Esa cobardía del asesino cabalga, además, sobre la actual
cultura de la erosión del concepto de responsabilidad individual; sobre la
obsesión por la psicologización de cualquier conducta; sobre la desacralización
de la vida humana; sobre la anulación de las fronteras entre el bien y el mal; sobre
un rechazo ciego de la identificación precisa del mal, al objeto de combatirlo
frontalmente, y sobre rechazo del derecho individual a la propia defensa, que
entrega la suerte de la víctima a una especie de ruleta del destino.
La reivindicación,
surgida en la década de los setenta, del “perdedor”(The Loser) como víctima de
un orden esencialmente injusto, frente a la figura tradicional del héroe como
personificación del bien, representó un cambio mucho más profundo que su mera formulación
estética.
Constituyó el triunfo de la filosofía del victimismo, en la
que el propio hecho de que la figura del “perdedor” coincidiera con la
personalidad del malvado estereotipado, era pasado por alto así como la
alegoría moral que contenían la historias con final feliz. Se hacía prevalecer así el
“prestigio” de esa supuesta víctima, como heroico representante de la sacrosanta
transgresión revolucionaria anti-sistema.

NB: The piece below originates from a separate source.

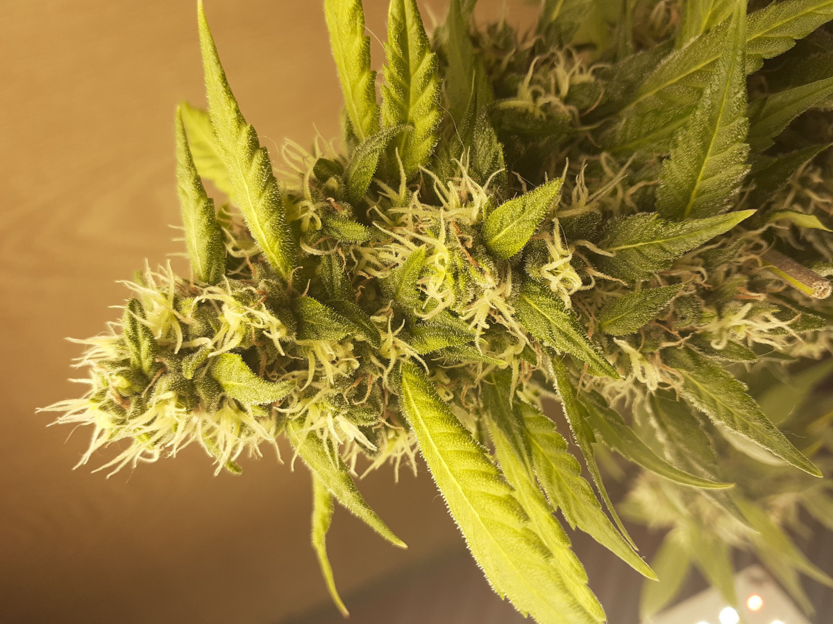 Сорт очень выносливый. Главная моя беда с ней была с температурой и засветом. 2 дня была в температурном стресс и дважды (суммарно 5 дней) в засвете. Как стрессует, то выделяет много влаги и растут только листься. Это на фоне того, что сам по себе кустик очень пышный шарик. Лишние листья могут мешать соцветиям. Сорт быстро приходит в себя. Как только подлечилась, то за ночь пришла в себя и оброслать сочными соцветиями и трихомами. После применения Final part cтала пахнуть ещё сильнее, потому кто любит воздух без запаха придется раскошелиться на фильтр. Да и промывку ФлоройКлин сделать два раза придется.

Ahí es donde comenzó la irresistible ascensión de las nuevas
categorías que se han entronizando paulatinamente en nuestra cultura de masas.
Ahí es donde “lo oscuro”, “lo feo”, “lo sucio”, o “ lo siniestro” se instalaron
como paradigmas de “lo complejo”, o sea, “lo interesante”. Con traca final en esa abominación estética que representó la "Punk-Kultur".
Frente a ello, la supuesta simplicidad bobalicona de la belleza, la bondad o la moralidad, identificadas de esta forma tan sencilla con el conservadurismo reaccionario y “la injusticia” inherente a los principios sobre los que reposaba hasta ese momento nuestra civilización.
Frente a ello, la supuesta simplicidad bobalicona de la belleza, la bondad o la moralidad, identificadas de esta forma tan sencilla con el conservadurismo reaccionario y “la injusticia” inherente a los principios sobre los que reposaba hasta ese momento nuestra civilización.
Los protagonistas de la nuevas historias de la cultura
popular, dejaron de ser los representantes del orden de la reciente sociedad
civil y democrática, para ser sustituidos por personajes de moral ambigua,
cuando no explícitamente delictiva, cuyas mentes “complejamente” desordenadas servían
para sublimar con eficacia los rencores inconscientes y los resentimientos
ocultos en las “masas silenciosas”.
Cuando leo las estúpidas simplificaciones con las que
algunos cronistas ignorantes y mentalmente perezosos tratan de explicarnos lo
que pasa, identificando en una torpe analogía la realidad de la población armada actual de los
Estados Unidos con el legendario Far West, no puedo por menos que recordar las
historias de mí niñez, cuando en aquellos míticos escenarios descritos por John
Ford la responsabilidad individual era el único recurso al alcance de sus
personajes.
Cuando ningún pseudo-análisis psicológico amparaba a los malvados. Cuando
la vida humana era sagrada porque consistía en la única pertenencia real de los
individuos. Cuando la distinción entre el bien y el mal era nítida y el mal era
erradicado sin contemplaciones. Cuando los que acababan dónde les correspondía justamente,
bajo tres pies de tierra, eran los
“bad-men” y no veinte niños indefensos.
Eran tiempos en los que a nadie se le ocurría plantear una
revisión de la famosa Segunda Enmienda de la Constitución americana, cuyo
origen republicano ya he narrado en otra ocasión y en cuya filosofía basó un
industrial de las armas de fuego un popular apotegma publicitario: “Los hombres
nacen distintos. Samuel Colt los hace iguales”.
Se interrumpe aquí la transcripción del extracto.